On June 20, 2008, a food inspector and his staff visited M/s Select Coffee Works on Azad Road, Sakleshpur, and inspected the coffee seeds and its powder meant for sale.
The team noticed that Syed Ahmed was selling adulterated coffee powder and had misbranded the product too.
The team purchased 600 grams of coffee powder and tested it. The report confirmed that the coffee was adulterated and misbranded as it was found that the caffeine content in it was 0.4% (as against the standard of not less than 0.6 %) and aqueous extract was 55 % (as against not more than 50%) and that the batch number and ‘best before’ was not printed.
A complaint was registered and on June 20, 2016, after trial, the magistrate court held Syed Ahmed guilty. It was challenged before the sessions court at Hassan and on March 14, 2018, the order passed by the trial court was confirmed.
Challenging these orders, Syed Ahmed argued that the analyst’s report doesn’t say that the commodity/article was injurious to health.
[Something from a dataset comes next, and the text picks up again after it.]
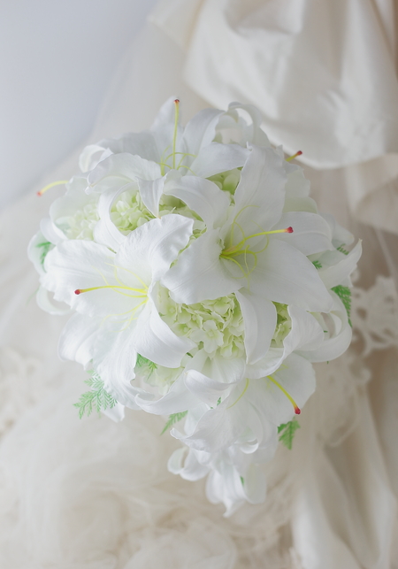 プリザーブドのユリは、生花にくらべて中心が純白で、

Another argument was that there was no misbranding since it was a small shop where he was only a retailer in coffee seeds and powder.
The HC government pleader argued that not mentioning batch number and ‘best before’ on the packet itself is misbranding.
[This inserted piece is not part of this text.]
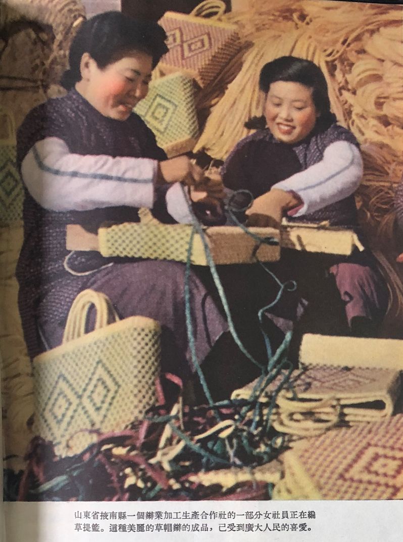 还记得电影里欧美绅士常常戴着夏季礼帽吧?同款草编凉帽也常常是电影里汉奸的标配。这些帽子大部分都出自于我国北方妇女之手。草帽编是中国北方重要的产业,清末期就远销欧美,1910年时出口额达到1300万两白银。[3] 草编的产品也不仅限于草帽,还有包、篮子、筐和其它工艺品。而从事这个产业的主体——北方农村妇女却一直是隐形的群体,《人民画报》在1953年2号中刊登了山东掖南县参与草帽辫的公社女社员的照片。照片中两位女社员微笑着在劳动,面庞红润——或是在拍摄时化了妆,或是照片后期经彩色描绘上色过。

“Admittedly, the food article sold was not labelled in accordance with requirement of the Act and the rules made there under, by mentioning its batch number, ‘best before’ and ‘veg’ or ‘non-veg’ symbol, which is clearly an offence under Section 7(i) and 7(ii) punishable under Section 16(1)(a) of the Act” Justice HB Prabhakara Sastry has noted in his order .
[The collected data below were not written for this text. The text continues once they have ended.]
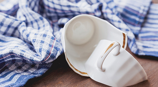 A friend mailed me some of her homemade pottery. Upon opening the box, I discovered the precious items had been damaged during their journey. One of the cups had shattered into a few large pieces, a jumble of shards, and clumps of clay dust. After my husband glued the broken mess back together, I displayed the beautifully blemished cup on a shelf.
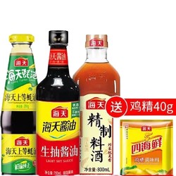 88VIP:海天 酱油+锦鲤派金标生抽+蚝油+料酒 共3.47kg13.94元 (需买2件,共27.89元包邮,返10元猫超卡后)9169件已付款抢!
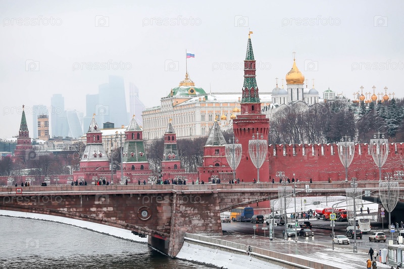 Вид Москвы в зимний день. столица России. Большой Кремлевский Дворец. Кремлевская церковь. Кремлевская набережная. Москва-река. Популярная туристическая достопримечательность. Визитная карточка Москвы

The judge noted that petitioner Syed Ahmed also failed to convince the court that the coffee powder was a primary food as defined under Section 2(xiia) of the Act. Citing the facts and circumstances of the case, the HC said that the sentence ordered by the trial was proportionate to the gravity of the proven guilt against the accused. “I do not find any perversity, illegality or error in the impugned judgments warranting any interference at the hands of this court,” Justice Prabhakara Sastry ruled.